While Boston's media world was congratulating itself on its racial sensitivity, features writer Kathleen Hirsch's Racial Awareness Quiz pointed out that local newspapers were still in a state of blackout.

"1) What does the term 'Is it dark out there?' mean to reporters? 2) Name the first year a black face appeared on the front page of the Herald Traveler. 3) In 1982, who blamed blacks for having `cut the guts out of every major American city?' 4) Today, how many black reporters are employed at the three largest-circulation publications in Boston, outside of the Globe?

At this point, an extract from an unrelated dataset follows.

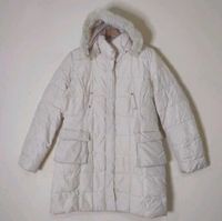 Stay warm and stylish this winter with this cream-colored padded coat. Features a comfortable fit and a cozy hood. Perfect for cold weather outings. A stylish and functional addition to your wardrobe. This is a well maintained pre-owned coat.

"We'll make this simple. Answers:

"1) Code word between Herald Traveler editors and reporters covering murders as late as 1968. If the answer was yes, reporters were told to return to the office. Dead blacks weren't news. 2) 1968. Before that, the editorial staff maintained that black faces wouldn't be distinct enough against any background to show up. 3) D. Herbert Lipson, publisher of Boston magazine, in an interview that appeared in the Boston Globe. 4) Zero."





Let the games not begin
years ago:
February 12, 1980

Sports editor Michael Gee prophesied hopefully that President Carter's boycott of the Moscow Olympics would end the games forever.

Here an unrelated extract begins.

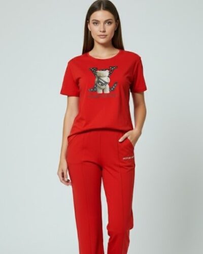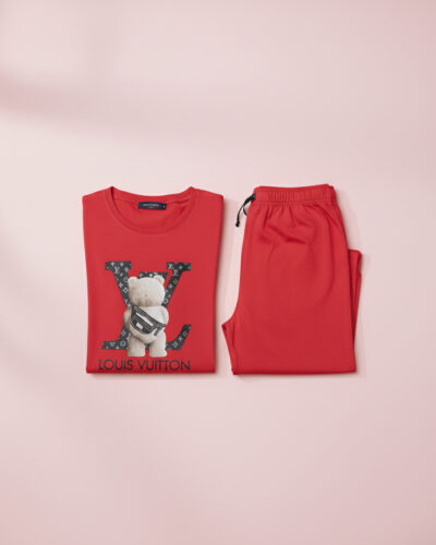 Bold Red LV Bear Soft Pajama Set for Cute & Comfy Everyday Lounging

"With any luck at all, the Winter Olympics . . . will be the last Games ever held. . . . Many athletes, willingly or not, will be absent from the Moscow Olympics, and those who do compete and win will have triumphed in a spectacle arousing all the international interest of the Tucson Open. . . . In the future, the collapse of the `modern' Olympics may well be seen as a great event in sports history. For the Olympics are a fraud, a unique distillation of some of the worst aspects of amateurism, capitalism, socialism, and, above all, nationalism. Nowhere is this truer than in the United States."





To kill a president
years ago:
February 11, 1975

Reporting on the "Politics of Conspiracy" convention at BU, contributing editor Sid Blumenthal and books editor R.D. Rosen reflected on the political uses of assassination.

"The death of President Kennedy is no mere whodunit; the murder was perhaps the crucial event in recent American politics. JFK's tentative moves to establish détente with the Soviet Union, draw back from Vietnam involvement, and stifle CIA covert activity were superseded after his killing by a less ambiguous policy. The outcome of a decade of high-level murders has been Johnson, Nixon, and Ford. Assassination has become as important a part of the political process as presidential nominating conventions; the murders have effectively been nominations by proxy. This brutal transfer of power and the constellation of mysteries that surround it remain unresolved as America approaches its Bicentennial election."





Back in fashion
years ago:
February 11, 1970

Columnist Joanna Frix was ahead of her time in discovering "retro."

"The trend toward individuality . . . appears to be leading fashion into a healthy spirit of revitalization. Ironically enough, this new bend is actually a reflection of nostalgia for the past. The charisma of the age that produced genuine love goddesses of the Bette Davis, Joan Crawford, or Rita Hayworth ilk who could radiate sex with their clothes on to real he-men like Bogart, Gable, or Cagney had sold millions of posters and induced thousands of the inspired to search thrift shops and attics for remnants of that more confident age."





Where are they now?

Carly Carioli is events editor of the Boston Phoenix. Carolyn Clay is theater editor of the Boston Phoenix. Michael Gee is a sports columnist for the Boston Herald. Sid Blumenthal is a political consultant. R.D. Rosen is an award-winning mystery novelist.